Abstract

We aimed to investigate differences in the electroencephalography (EEG) signal characteristics recorded with a type II polysomnography (PSG) setup including the American Academy of Sleep Medicine recommended EEG montage and Self Applied Somnography (SAS) setup. The PSG and SAS monitoring were simultaneously performed in a pediatric cohort ( n=111) with Nox A1 equipment (Nox Medical, Reykjavik, Iceland). The PSG channels F4-M1 and F3-M2 were compared to the SAS channels AF4-E3E4 and AF3-E3E4. The analyses were conducted separately in each sleep stage. The amplitude levels were compared by investigating envelope curves of each epoch and the frequency content by investigating the power spectrums obtained with Welch's method. The EEG spectral morphology was similar between SAS and PSG. However, the SAS had consistently lower median amplitudes in all sleep stages compared to the PSG. In Stage N3 (slow-wave sleep), the lower and upper envelope curves had 42.4-47.4% lower median absolute amplitudes. Similarly, the SAS channels had consistently less power in the whole analysed frequency range of 0.3-35 Hz. In conclusion, the results illustrate that the SAS signals have similar EEG spectral morphology but consistently lower amplitudes and less power across the whole EEG frequency range compared to PSG signals.
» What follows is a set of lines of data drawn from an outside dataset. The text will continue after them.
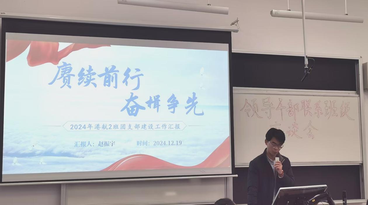 12月19日下午,成人漫组织领导干部联系班级座谈会,成人漫 副院长管大为、班导师严士常、辅导员廖芳艺、23级港航二班全体同学参加本次座谈会,赵振宇同学主持。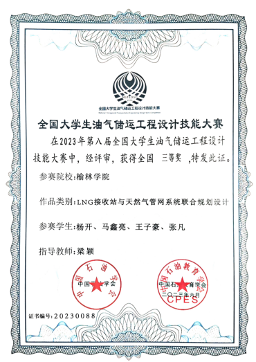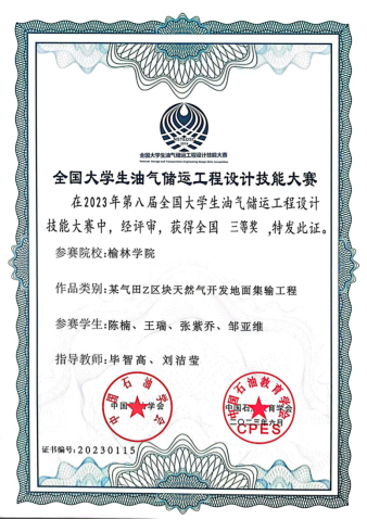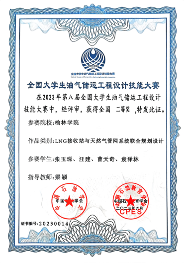 本届大赛赛题分为LNG接收站与天然气管网系统联合规划设计和某气田Z区块天然气开发地面集输工程两个,共有来自32所高校,166件作品参加全国比赛,其中66份作品进入推荐决赛名单。一直以来公司高度重视员工科技创新工作,通过学科竞赛,培养员工工程创新意识、开拓员工视野,提高员工运用油气储运工程专业知识综合应用能力。本次大赛通过专家线上评审和线下答辩的方式,公司油气储运工程专业员工张玉琛、汪建、曹天奇、袁泽林同学方案设计作品荣获全国二等奖,尚欣源、董建建、张俊杰和王卓等同学荣获全国三等奖三项,成功参赛奖三项。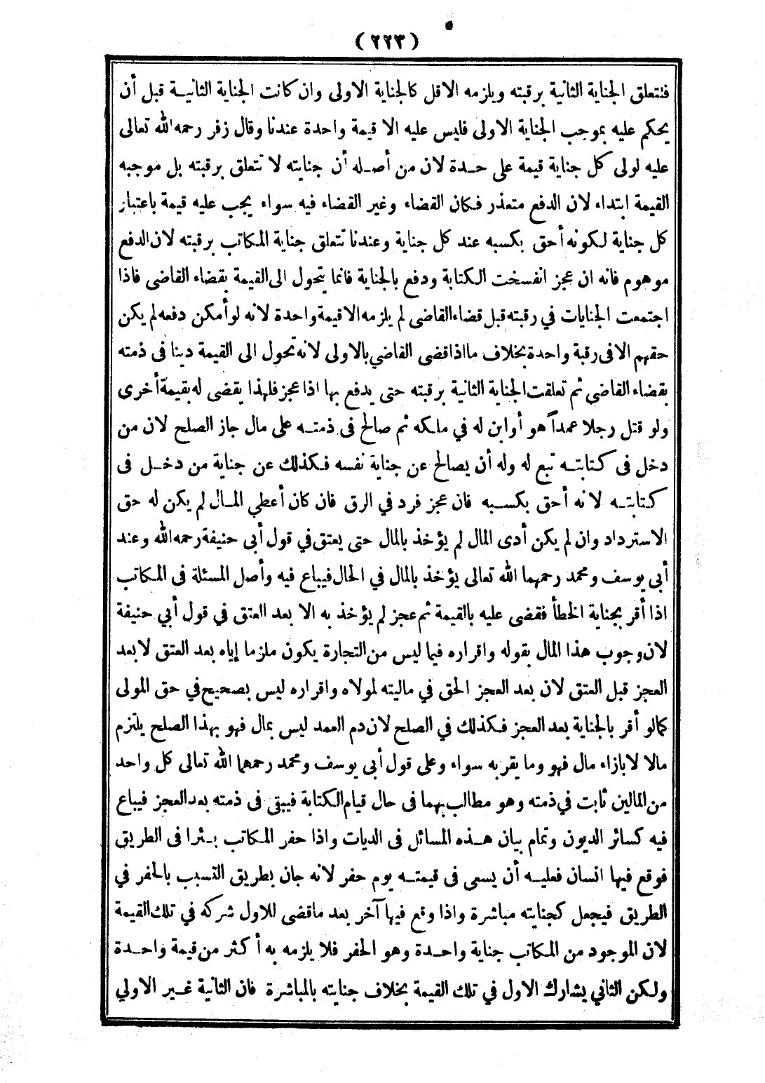 وَإِذَا حَفَرَ الْمُكَاتَبُ بِئْرًا فِي الطَّرِيقِ فَوَقَعَ فِيهَا إنْسَانٌ فَعَلَيْهِ أَنْ يَسْعَى فِي قِيمَتِهِ يَوْمَ حَفَرَ؛ لِأَنَّهُ جَانٍ بِطَرِيقِ التَّسَبُّبِ بِالْحَفْرِ فِي الطَّرِيقِ فَيُجْعَلُ كَجِنَايَتِهِ مُبَاشَرَةً، وَإِذَا وَقَعَ فِيهَا آخَرُ بَعْدَ مَا قَضَى لِلْأَوَّلِ شَرِكَهُ فِي تِلْكَ الْقِيمَةِ؛ لِأَنَّ الْمَوْجُودَ مِنْ الْمُكَاتَبِ جِنَايَةٌ وَاحِدَةٌ وَهُوَ الْحَفْرُ فَلَا يَلْزَمُهُ بِهِ أَكْثَرُ مِنْ قِيمَةٍ وَاحِدَةٍ، وَلَكِنَّ الثَّانِيَ يُشَارِكُ الْأَوَّلَ فِي تِلْكَ الْقِيمَةِ بِخِلَافِ جِنَايَتِهِ بِالْمُبَاشَرَةِ فَإِنَّ الثَّانِيَةَ غَيْرُ الْأُولَى.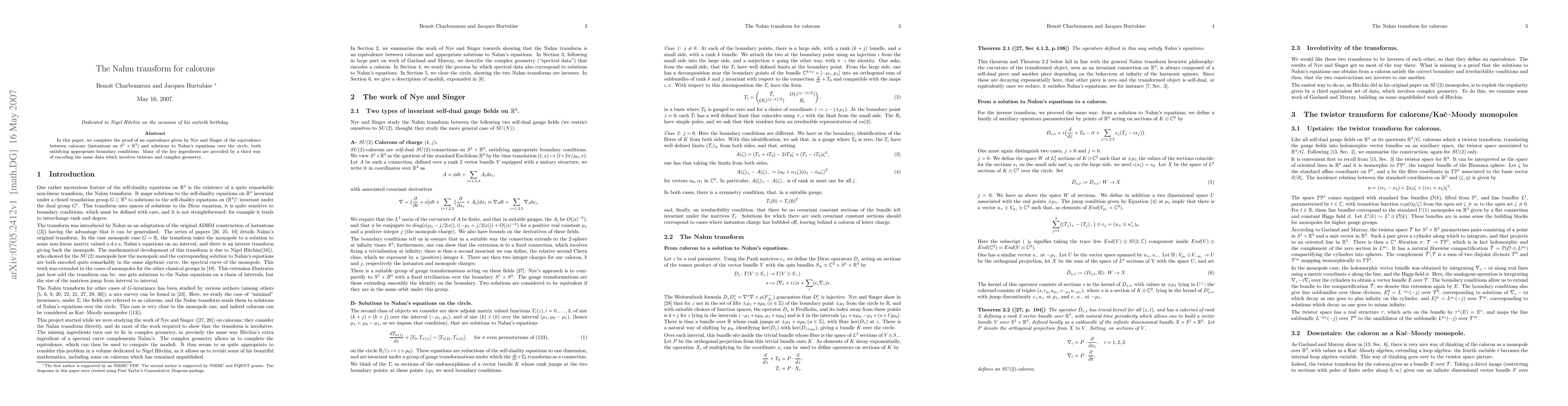 The paper proves the equivalence between calorons (instantons on $S^1\times R^3$) and solutions to Nahm's equations over the circle, utilizing twistors and complex geometry for key ingredients. The focus is on satisfying appropriate boundary conditions for both.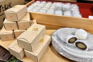 徳島県産の「なると金時」を使い、さつまいもの甘さと食感を活かした「福寿芋」🍠や、栗を贅沢に一粒丸ごと包んだ「栗大福(写真)」(2個入り756円)もおすすめです🌰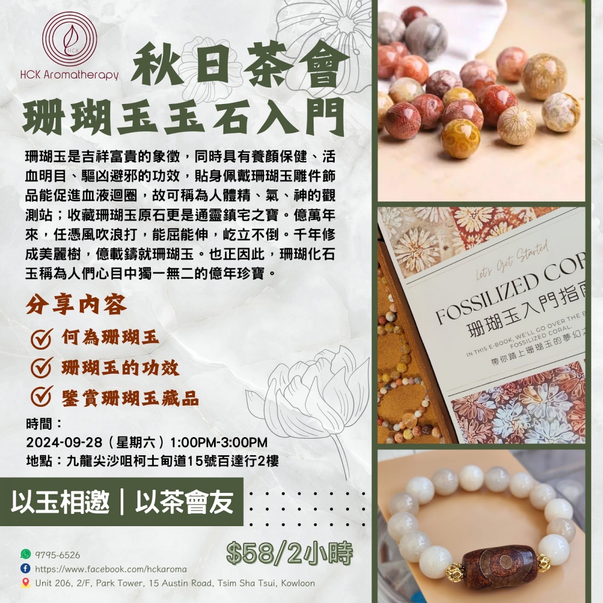 以玉相邀 | 以茶會友,兩小時一邊品茶,一邊認識珊瑚玉的萬年文化。1)何為珊瑚玉2)珊瑚玉的功效3)鑒賞珊瑚玉藏品珊瑚玉是吉祥富貴的象徵,同時具有養顏保健、活血明目、驅凶避邪的功效,貼身佩戴珊瑚玉雕件飾品能促進血液迴圈,故可稱為人體精、氣、神的觀測站;收藏珊瑚玉原石更是通靈鎮宅之寶。億萬年來,任憑風吹浪打,能屈能伸,屹立不倒。千年修成美麗樹,億載鑄就珊瑚玉。也正因此,珊瑚化石玉稱為人們心目中獨一無二的億年珍寶。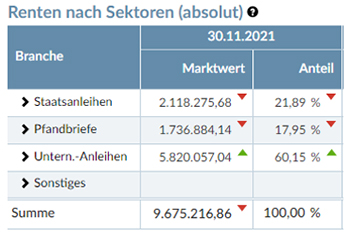 Mit Blick auf das aktive Laufzeitenmanagement war der Rentenanteil in Anbetracht der uneinheitlichen und volatilen Entwicklung der internationalen Anleihemärkte schwerpunktmäßig in Titeln mit mittlerer Restlaufzeit investiert, um den negativen Effekten wie Zins-/Renditeänderungen weniger stark ausgesetzt zu sein. Die durchschnittliche Restlaufzeit betrug 6 Jahre, bei einer Durchschnittsrendite von 0,6% (Stichtagsbezogene Durchschnittsrendite Ende November 2021; Quelle: HansaInvest).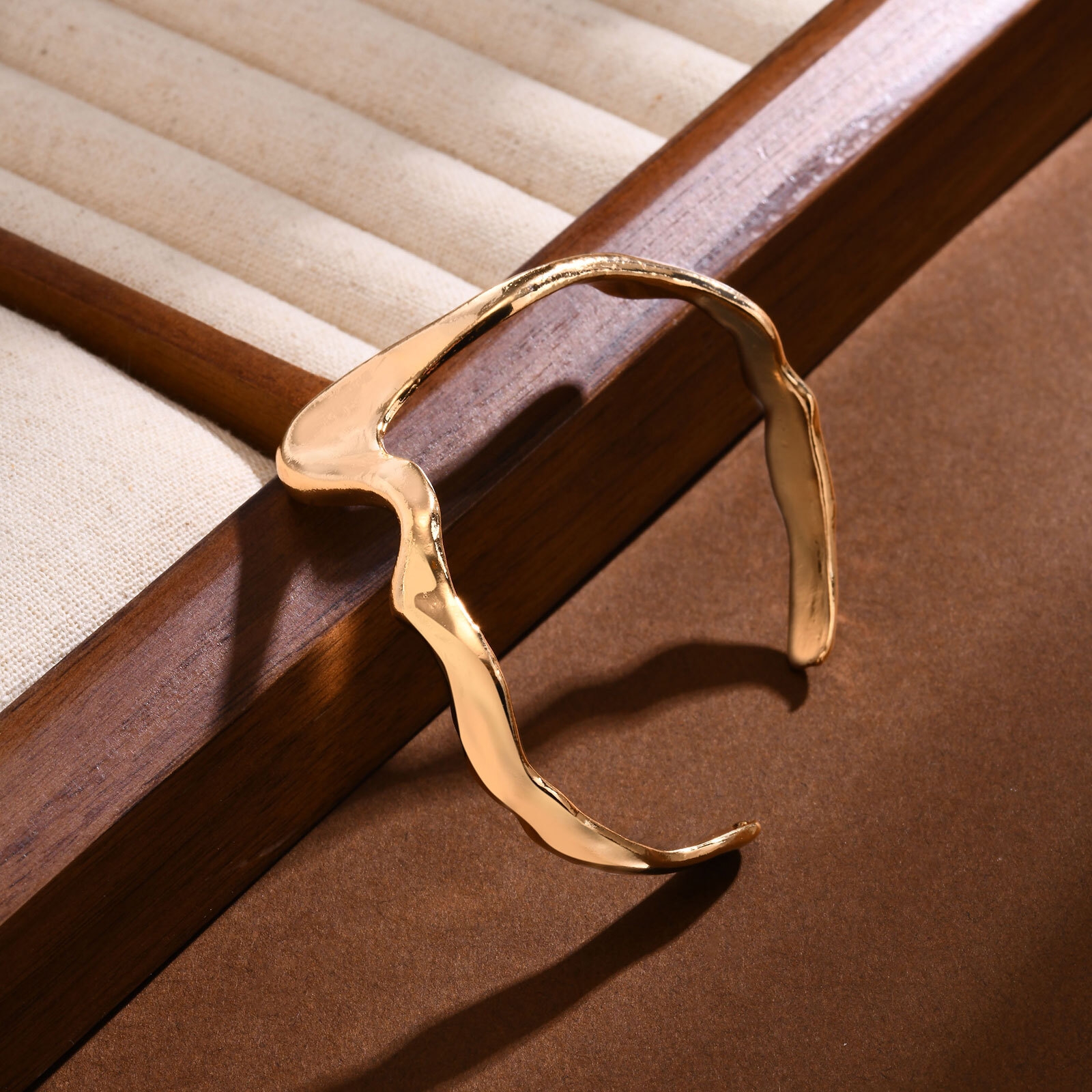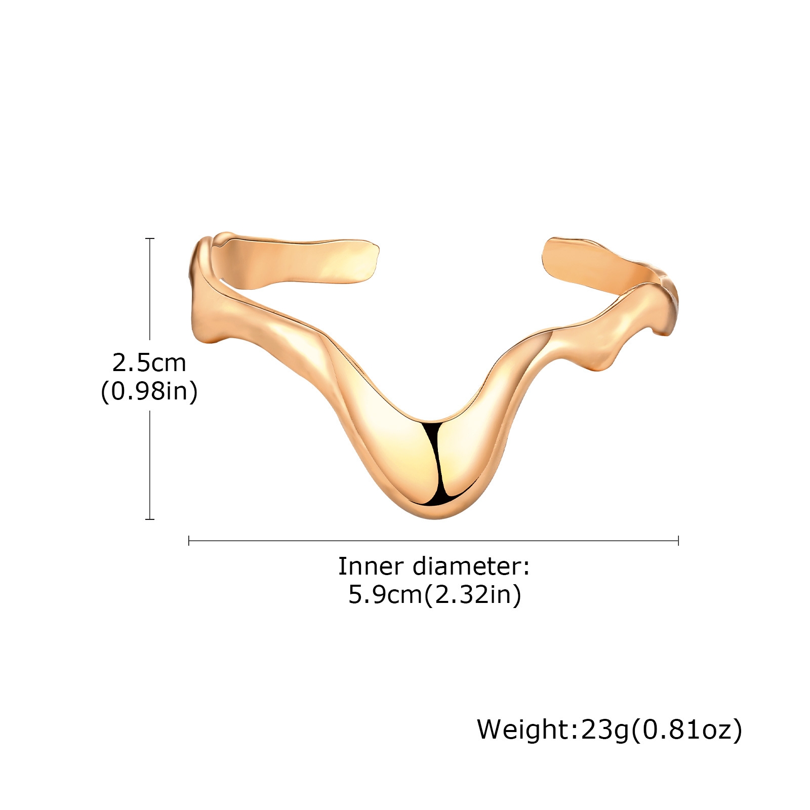 Material: Lead-tin Alloy Design and Style: Punk Wave Open Cuff Bangles Usage and Purpose: Fashion Accessories Shape/Pattern: Geometric Plating: Gold-color, Vacuum 3-layer plating Applicable People: Women Performance and Property: Allergy-free, nickel and lead-free **Embrace the Punk Wave Lifestyle** The Punk Wave Open Cuff Bangles are the epitome of edgy fashion, blending the boldness of punk culture with the fluidity of the ocean's waves. These bangles are a must-have for any woman who wants to make a statement with her accessories. Each piece is crafted from a durable lead-tin alloy, ensuring longevity and a sleek finish that is resistant to fading thanks to our vacuum 3-layer plating process. The geometric design adds a touch of intricacy, while the open cuff style allows for a customizable fit, catering to a wide range of wrist sizes. **Adaptable and Versatile** Whether you're heading to a rock concert or looking to add an urban edge to your everyday outfit, these punk wave cuff bangles are the perfect choice. Their versatility is remarkable, as they can be worn alone or stacked with other bracelets to create a layered look. The sleek metal construction also makes them ideal for women who are allergic to nickel and lead, ensuring comfort and safety without compromising on style. **Designed for the Modern Woman** Catering to the modern woman's active lifestyle, these punk wave open cuff bangles are not only fashion-forward but also practical. They are lightweight and easy to wear, making them a go-to accessory for any occasion. Their geometric design and gold-color plating exude a sophisticated charm that complements both casual and formal attire. Plus, with a two-workday order process and the option for customization and wholesale pricing, these bangles are tailored to meet the needs of both individuals and retailers. Embrace the punk wave lifestyle with these trendy, adjustable, and allergy-friendly bangles. Their unique geometric design and gold-color plating make them a standout piece in any jewelry collection.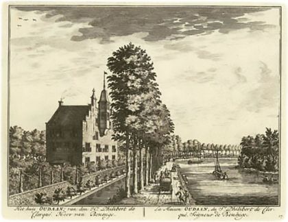 Afb. 1. De Langegracht te Maarssen in de achttiende eeuw. Tussen de huizen zijn openingen, de toegang tot de stegen, in de gevelwand zichtbaar. Originele tekening van Daniël Stoopendaal (1672-1726). Praktisch de gehele achttiende eeuw is deze afbeelding veelvuldig als gravure gebruikt voor fraaie boeken als ‘De Zegepraalende Vecht’ (1719) en ‘De Vechtstroom’ (1791).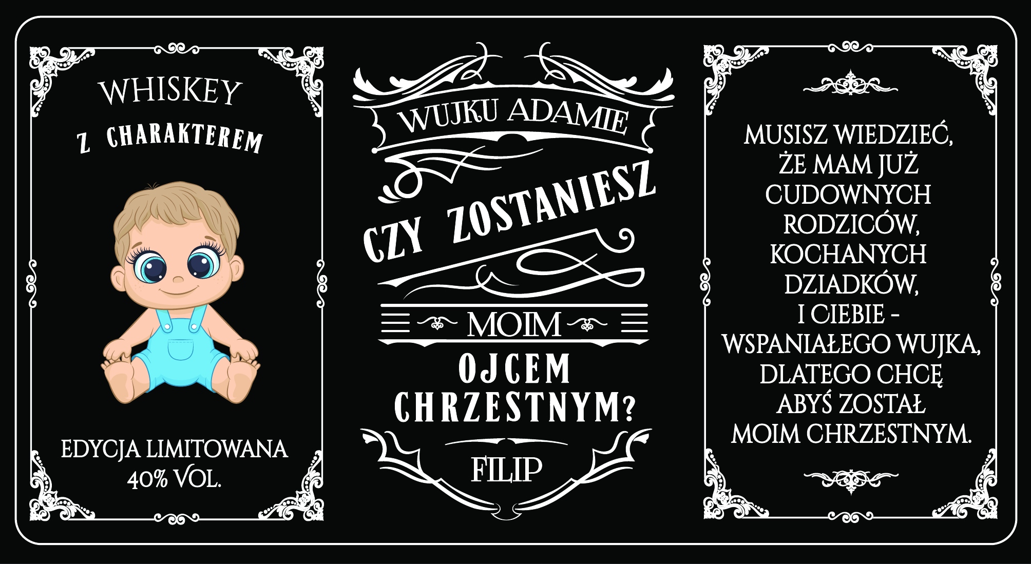 Прохання стати хрещеним батьком — це водночас прекрасний жест від Дитини та чудовий сувенір. Персональна алкогольна етикетка з коротким запитанням неодмінно стане приємним сюрпризом для майбутнього Хрещеного.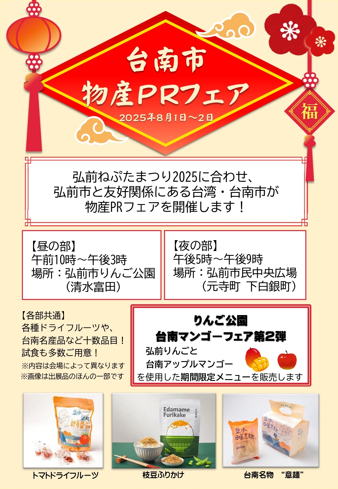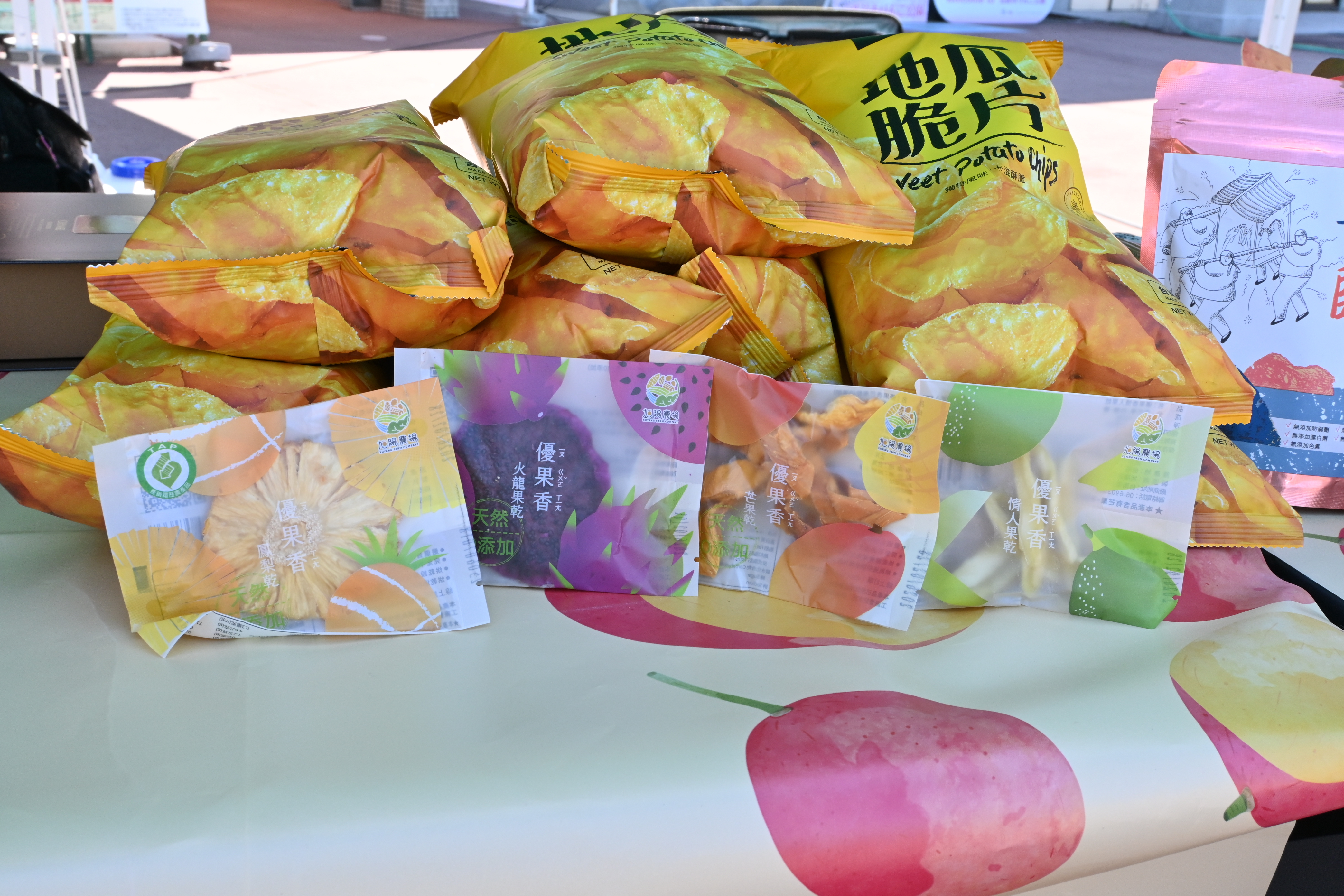 弘前市と友好関係にある台南市が、マンゴーなどのドライフルーツやさつまいもチップスなど、台南市の名産品を販売しています。

To achieve scoring corresponding to PSG, either the raw SAS signals should be digitally preprocessed or the amplitude threshold for identifying N3 should be lowered from 75 μV to e.g. 45 μV when using SAS instead of PSG. Further clinical validation studies are required to demonstrate scoring reliability using modified scoring rules.

Highlights

  • Sleep disorders form a growing global health problem and cause significant economical costs [1]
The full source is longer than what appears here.